_WHAT TO PRODUCE_:
Could you transcribe every record below exactly as written, excluding the pictures?

*** DATA LISTING Section Begins ***

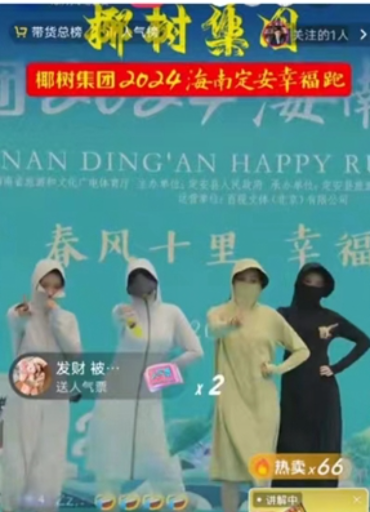 11日下午,网络上出现“椰树直播间风格大变”相关视频——疑似椰树集团的4名女主播一改往日“清凉”穿衣风格,身着长长的防晒服,将脸部和全身都裹得严严实实的,在“椰树集团2024海南安定幸福跑”活动背景墙前跳舞。
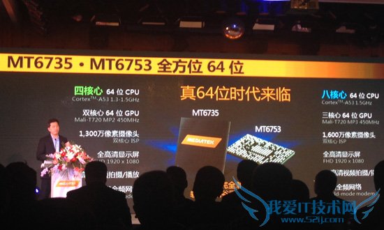 MT6735和MT6753分别搭载四颗和八颗64位ARM Cortex-A53处理器核心,GPU为Mali-T720图形处理器,支持1080p 30fps H.264视频播放和录制,内置了联发科MiraVision技术,能够提供数字电视级别的影响质量。
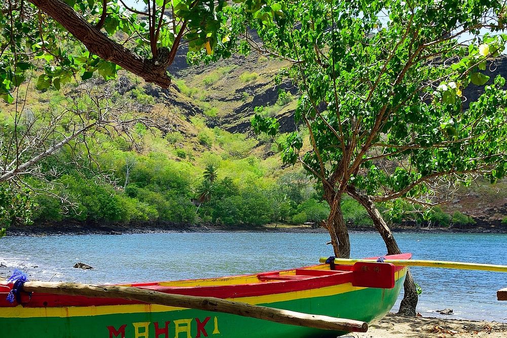 Spending time at this beach near the small village of Ho'oumi on the island of Nuku Hiva, part of the Marquesas Islands in French Polynesia. We loved this colourful boat on the beach.
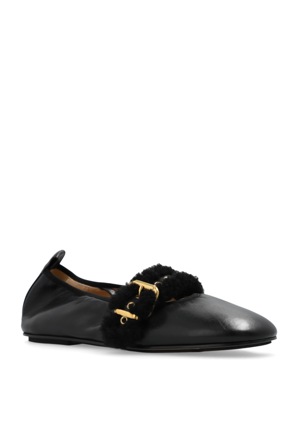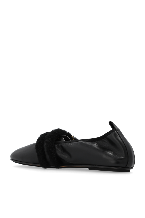 Black \'June\' ballet flats from Wandler. Made of lamb leather, this model sits on a black rubber sole with a beige leather trim and features an adjustable furry strap.
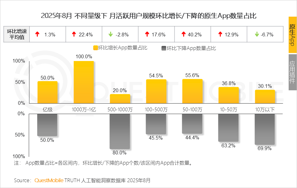 3、活跃率、利用次数权衡的是用户习惯和粘性,但500万以下使用平均环比增速全数下滑从数据表示来看,环比增速达41.5%。以国度计谋文件形式明白“沉构企业底层智能架构” ,背后意味着对用户小我数据库的智能化办理能力。前途,从月活跃用户规模TOP50AI使用来看,不知将来能否能成为腾讯“超等生态”计谋的环节落子之一。环比增速39%。只要小米的超等小爱用户活跃度跨越30%,规模量级从50-100万晋级至100-500万梯队。深切解构各形态使用成长特点及增加瓶颈;取夸克分歧的是,8成以上使用(50万以下)难以冲破用户规模瓶颈
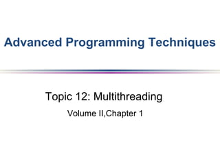 This document provides an introduction to multithreading concepts. It discusses using multiple threads to allow a bouncing ball animation program to start new balls even while others are still bouncing. It covers the basics of creating and running threads, including defining a runnable class and starting new threads. It also discusses key threading issues like thread states, scheduling, synchronization, and suspending/stopping threads.
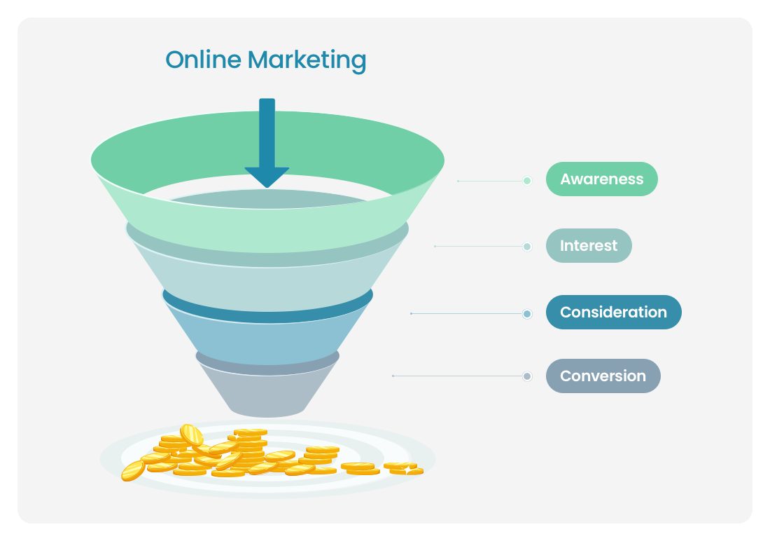 Awareness is often referred to as top of funnel, as it is the first touchpoint between your organization and your potential customers. By casting a wide net, you are able to touch as many people as possible and hopefully capture their attention so that they may continue to the next stage of the marketing funnel.

*** DATA LISTING Section Ends ***

_EXERCISE RESULT_:
 11日下午,网络上出现“椰树直播间风格大变”相关视频——疑似椰树集团的4名女主播一改往日“清凉”穿衣风格,身着长长的防晒服,将脸部和全身都裹得严严实实的,在“椰树集团2024海南安定幸福跑”活动背景墙前跳舞。
 MT6735和MT6753分别搭载四颗和八颗64位ARM Cortex-A53处理器核心,GPU为Mali-T720图形处理器,支持1080p 30fps H.264视频播放和录制,内置了联发科MiraVision技术,能够提供数字电视级别的影响质量。
 Spending time at this beach near the small village of Ho'oumi on the island of Nuku Hiva, part of the Marquesas Islands in French Polynesia. We loved this colourful boat on the beach.
 Black \'June\' ballet flats from Wandler. Made of lamb leather, this model sits on a black rubber sole with a beige leather trim and features an adjustable furry strap.
 3、活跃率、利用次数权衡的是用户习惯和粘性,但500万以下使用平均环比增速全数下滑从数据表示来看,环比增速达41.5%。以国度计谋文件形式明白“沉构企业底层智能架构” ,背后意味着对用户小我数据库的智能化办理能力。前途,从月活跃用户规模TOP50AI使用来看,不知将来能否能成为腾讯“超等生态”计谋的环节落子之一。环比增速39%。只要小米的超等小爱用户活跃度跨越30%,规模量级从50-100万晋级至100-500万梯队。深切解构各形态使用成长特点及增加瓶颈;取夸克分歧的是,8成以上使用(50万以下)难以冲破用户规模瓶颈
 This document provides an introduction to multithreading concepts. It discusses using multiple threads to allow a bouncing ball animation program to start new balls even while others are still bouncing. It covers the basics of creating and running threads, including defining a runnable class and starting new threads. It also discusses key threading issues like thread states, scheduling, synchronization, and suspending/stopping threads.
 Awareness is often referred to as top of funnel, as it is the first touchpoint between your organization and your potential customers. By casting a wide net, you are able to touch as many people as possible and hopefully capture their attention so that they may continue to the next stage of the marketing funnel.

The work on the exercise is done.